The head of the Shuvu Yisrael Institute, Rabbi Yoshiyahu Yosef Pinto, was crowned by representatives of the King of Morocco as the Chief Rabbi of the Muslim State. In a traditional ceremony held in the city of Rabat, the capital of Morocco, with the participation of representatives of the Jewish community, the rabbi was dressed in the traditional religious garb.
Over the past few years the rabbi has visited Morocco several times, delivering Shiurim and giving Chizuk to the Jewish community, as well as addressing Kashrus issues. Rabbi Pinto also met with members of the royal family, who were reportedly impressed with his rabbinical lineage.
Rabbi Pinto’s father, HaRav Chaim Pinto, serves as rav of Ashdod and Kiryat Malachi and has maintained a connection with the royal family in Morocco over the past decades.
Rabbi Pinto replaces the late HaGaon HaRav Aharon Monsonego ZT”L, who was niftar on 26 Menachem Av last year. Due to his wife’s illness, as well as his own, Rav Monsonego moved to Israel about a decade ago, leaving a void in Morocco.
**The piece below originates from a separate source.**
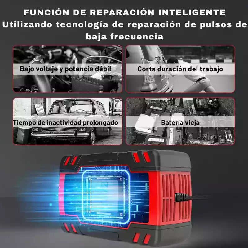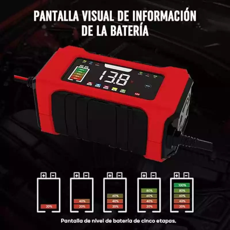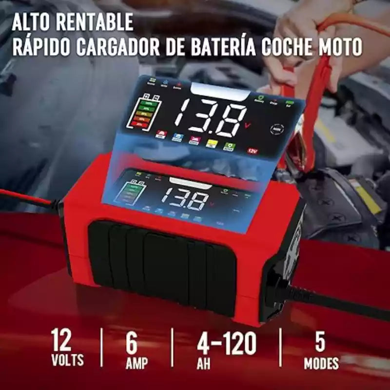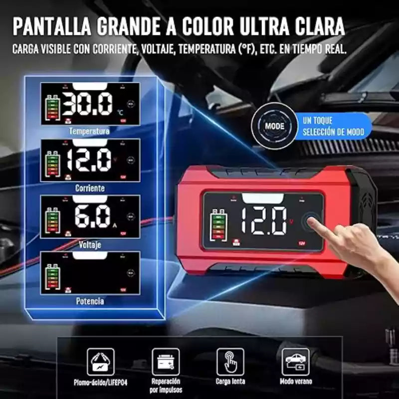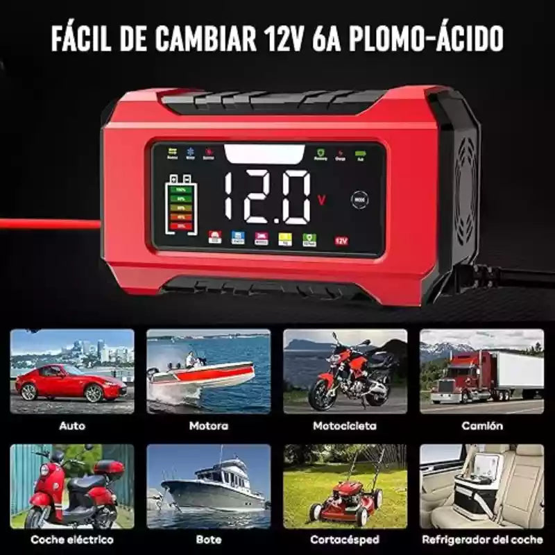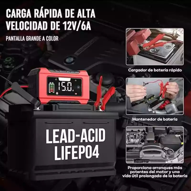 El tiempo varía según la capacidad de la batería (Ah). Por ejemplo, para una batería de 60Ah descargada, a 6A podría tomar alrededor de 10 horas. La pantalla LCD te irá mostrando el progreso en porcentaje.

In 1948, on the eve of the War of Independence, there were about 265,000 Jews living in Morocco, and it was the largest Jewish community in North Africa. Pogroms began that same year and there were various attacks on the Jews of Morocco, following which about 67,000 Jews left. From the establishment of the State of Israel in 1948 until 1967, more than 250,000 members of Moroccan Jewry emigrated to the State of Israel. Many others emigrated to France and North America. Today, only 2,500 Jews live in Morocco, most of them in Casablanca, a remnant of this large community.